Saturday, April 4, 2009

sensitive

my dad said some things that upset me.

it hurts quite a bit. I keep making myself think that something is going to work out in my life but nothing is happening for me. While it is true that I make little motions for things to happen, I am in some difficult spots.

my dad doesn't talk to my sister. It's her son's batpism tomorrow. my dad feels a deep sense of embarrassment and it has put a big rift in the family. He's unwilling to do anything about it. I don't know why they don't talk. I seem to get shouted at whenever I bring it up.

my dad basically called me a loser. i don't have any money. I want to purge. I was thinking about it earlier. The bargaining; the reasoning I used to have: if you purge, then I'll focus on doing some other activity. Around the time I didn't do many things and didn't have much motivation. Was it because I was in that state of mind, or was purging the way out?

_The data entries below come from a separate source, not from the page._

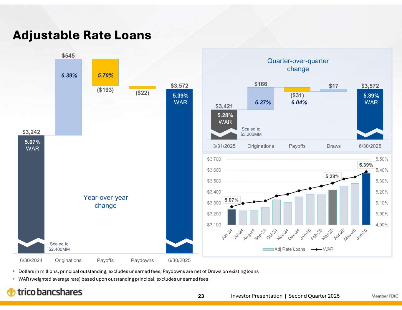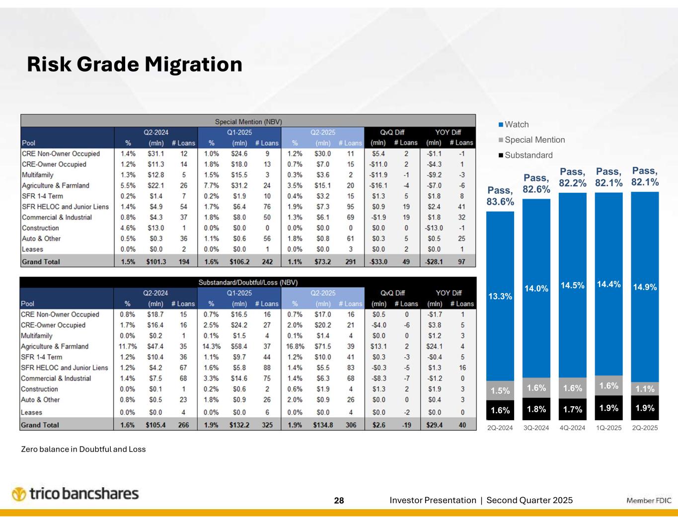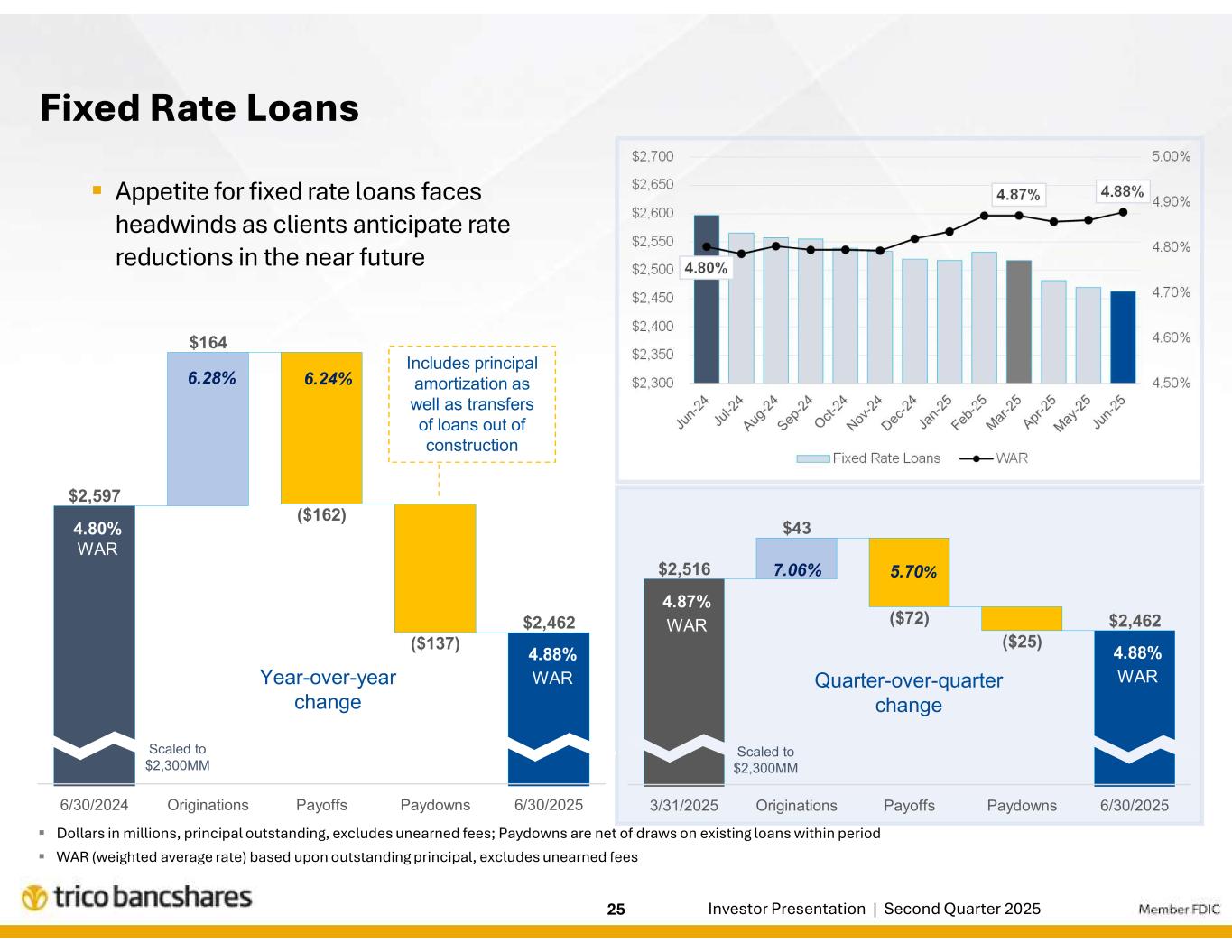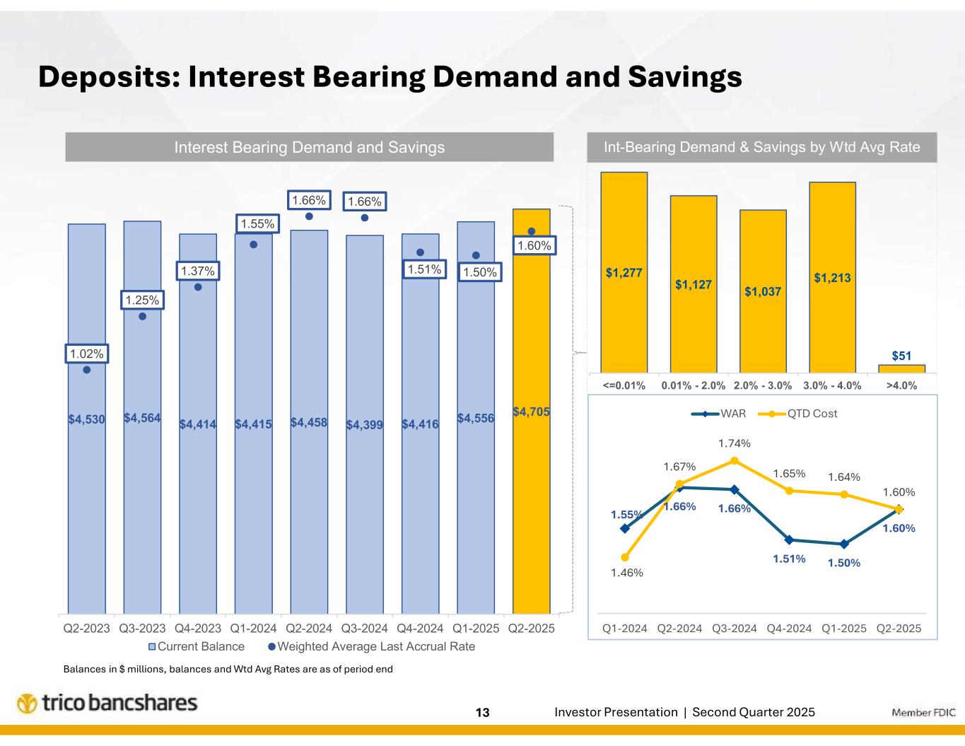 | エグゼクティブのコメント「当四半期のハイライトは、貸出・預金ともに新規・拡大した取引関係による成長であった。このようなバランスシートの成長により、2025年の残り期間を通じて純利息収益の拡大がさらに促進されるものと期待しています。リック・スミス社長兼最高経営責任者(CEO)は次のように述べた。「当行の信用の質は引き続き高く、ポートフォリオ全体が当行の歴史的に高い水準に合致した業績を上げ続けることに引き続き自信を持っています。また、ピーター・ヴィーゼEVP兼CFOは、「当行の純金利マージンの見通しは引き続き安定しており、継続的な収益資産利回りと資金調達コストの改善により、純金利収益のさらなる増加が見込まれます。当四半期の人件費の増加は主に生産量の増加によるものですが、会社全体の効率率は低下しており、引き続き営業レバレッジの改善に注力しています。 |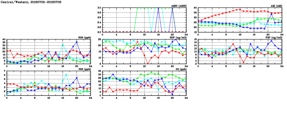 | Air Quality Data Time Series in Central/Western (2018/07/08) | ( Line colors: Day -3 Day -2 Day -1 Current day ) | 2D Map Current AQHI |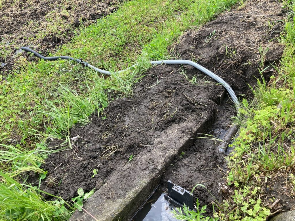 色々考えた結果、田んぼのすぐ上まで来ている埋まった側溝から水を入れることにしました。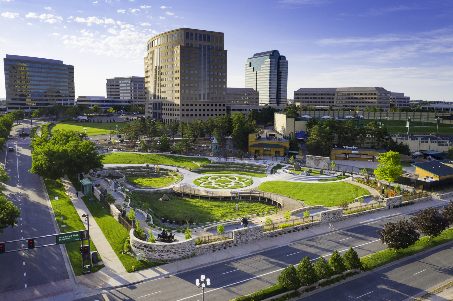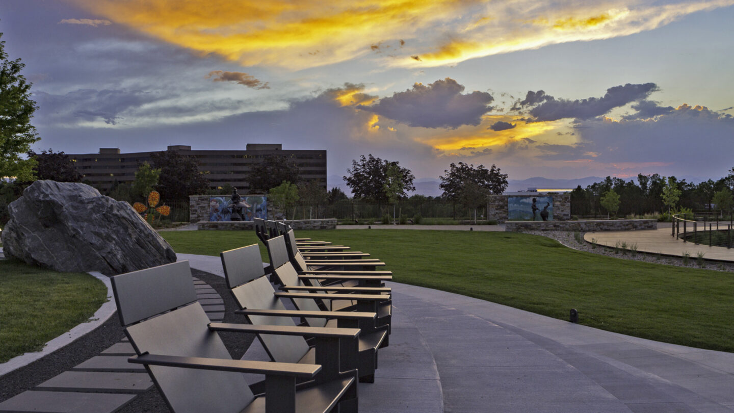 Marjorie Park accommodates art programming functions such as tours, arts education, temporary art installations, and community arts events as well as rentals for private and corporate events. The park also serves as the VIP entrance and amenity area for concerts at the neighboring Fiddler’s Green Amphitheater. Overall, the park provides a beautiful respite spot amid the surrounding urban framework.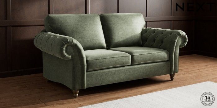 7.2.10 Gosford Highback II Deep Sit 3 Seater Small Sofa Luxe Chenille Mid Green Low Turned - Mid | Made Click here to use our website with more accessibility support, for example screen readers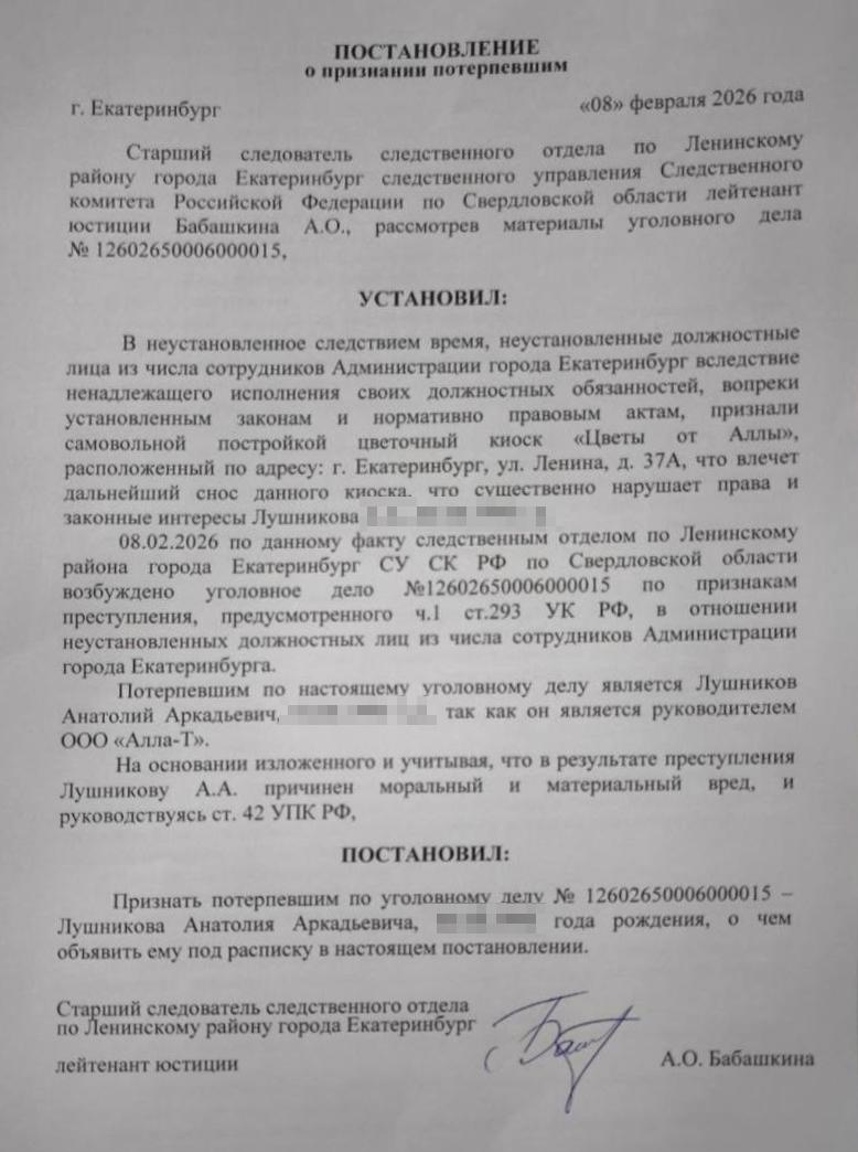 Потерпевшим по делу признан действующий владелец торговой точки Анатолий Лушников, которому уже вручили соответствующее постановление.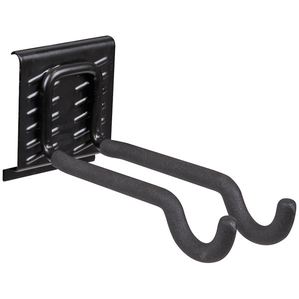 • • Steel sports equipment storage hook. • Powder coated to prevent oxidisation. • PVC Wrapped to avoid damage to tools and equipment. • Overall maximum load of 20kg. • Dimensions: (W x D x H): 76 x 200 x 90mm. • Designed to be used in conjunction with Wall Mountable Storage Rail Model No. APH01 for quick and easy installation and repositioning. • Ideal for sporting equipment and long handle tools. • Model No. APH06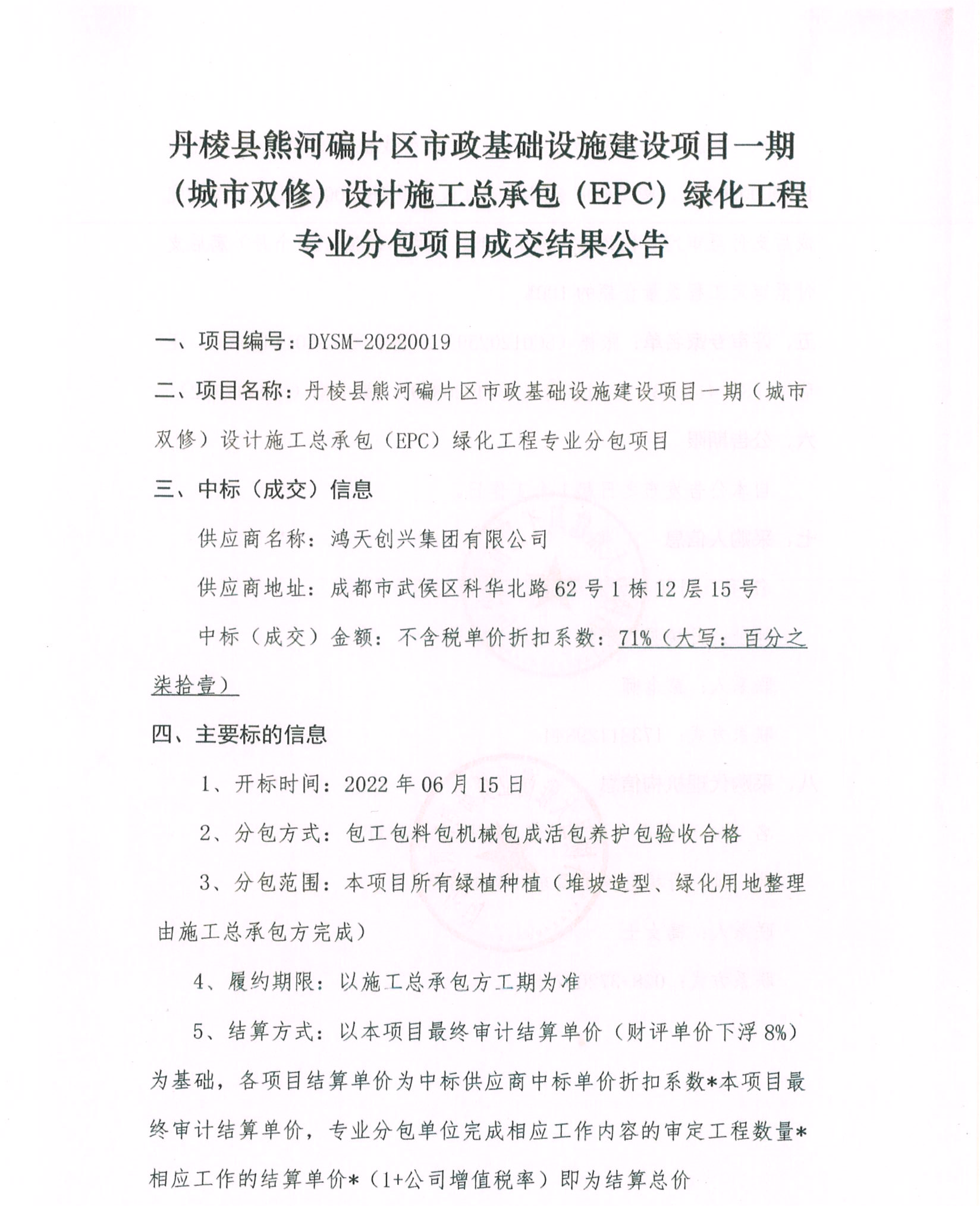 丹棱縣熊河碥片區(qū)市政基礎設施建設項目一期(城市雙修)設計施工總承包(EPC)綠化工程 專業(yè)分包項目成交結果公告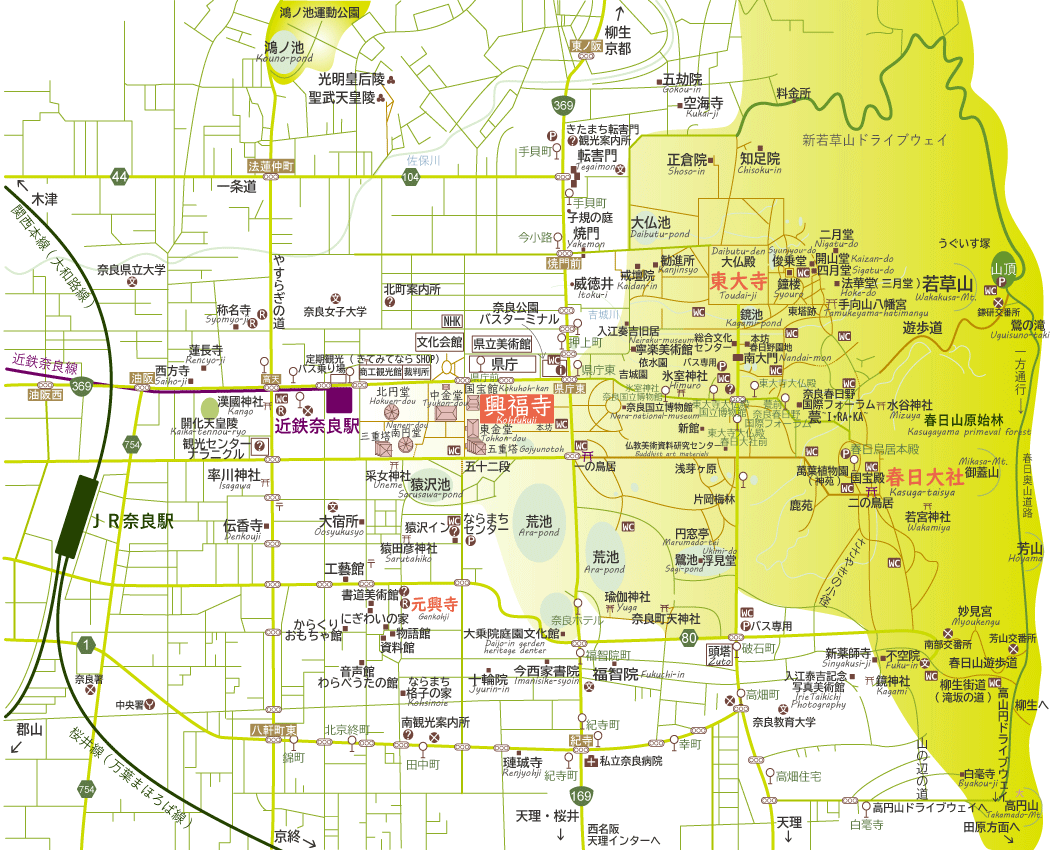 新大阪駅 大阪駅 →大和路快速(約55分)→ JR奈良駅 → バス約7分 徒歩15分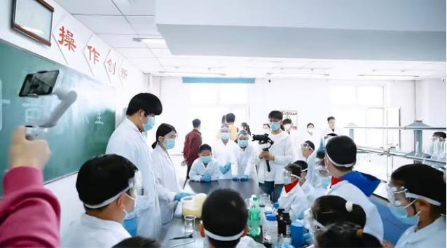 活动过程中,化海实践宣讲团成员张丽颖、蒋文达围绕实验室安全规范进行详细讲解,通过现场演示指导小学生正确穿戴实验服、护目镜,并强调药品使用注意事项。孩子们认真聆听、积极互动,以规范的操作完成防护装备穿戴,展现出对科学实验的严谨态度。
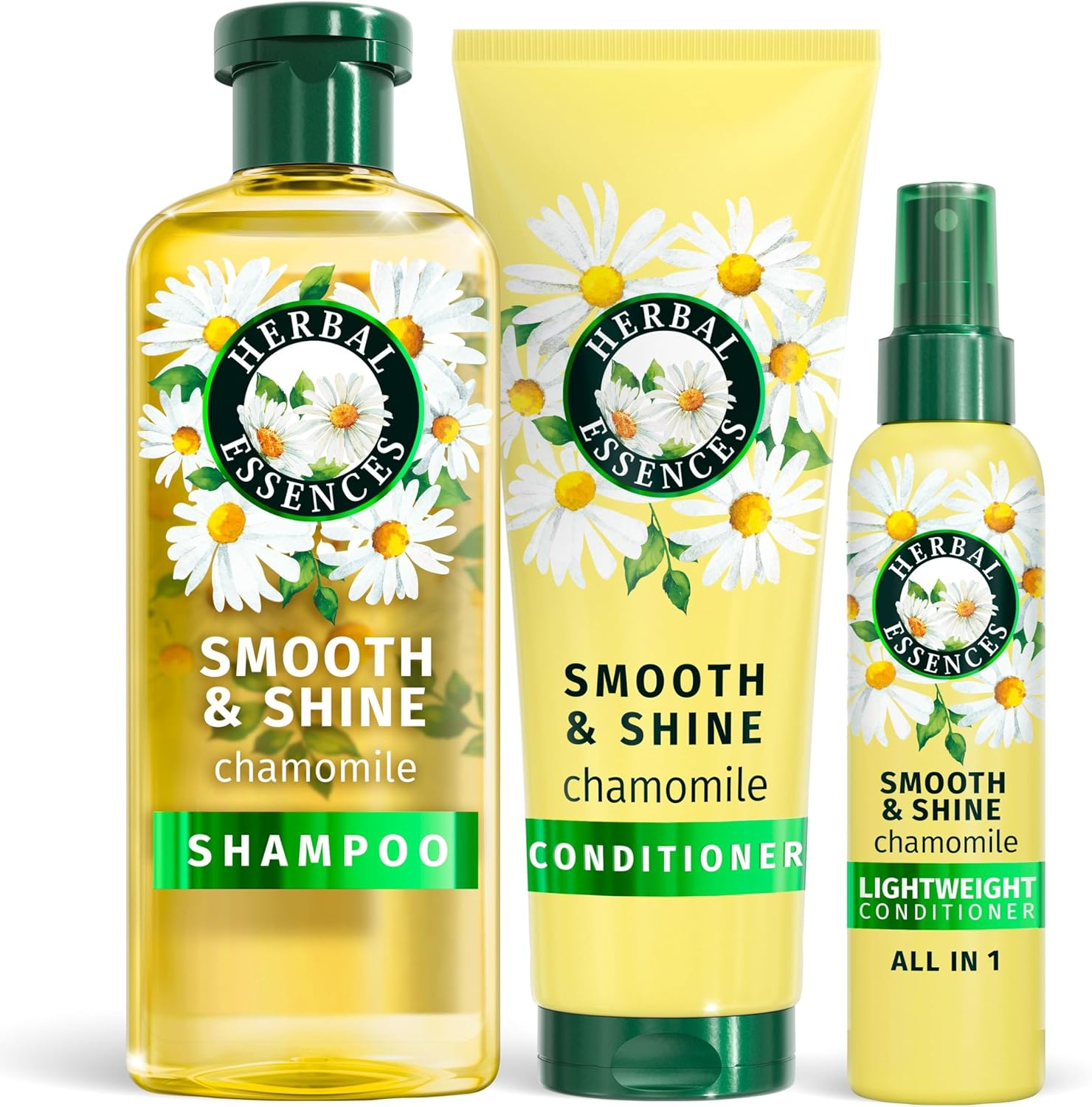Herbal Essences Smooth & Shine Chamomile Set: Shampoo + Conditioner + Lightweight Leave-in Conditioner Spray All in One | Detangle, Nourish, Tame Frizz, Repair, Add Shine & Lasting Scent

i think that if I purged more I would have gotten more work done. Im going to try it when no one is in the house. That's not easy though cos there is always someone there.

Also, I think it's my 1 year anniversary for my virginity-losing. When I think about it, it makes me sad. They are such intimate memories. The intimate things are also the most painful, I suppose that is what it means for something to be sensitive. sens

1 comment:

Anonymous said...

Dont think you're alone as there are plenty of us who are suffering at the moment. However, where there is life - there is hope. And as long as day follows night and you continue to get up each morning then you have hope.

You just gotta believe in yourself. Forget about anyone else its all up to you.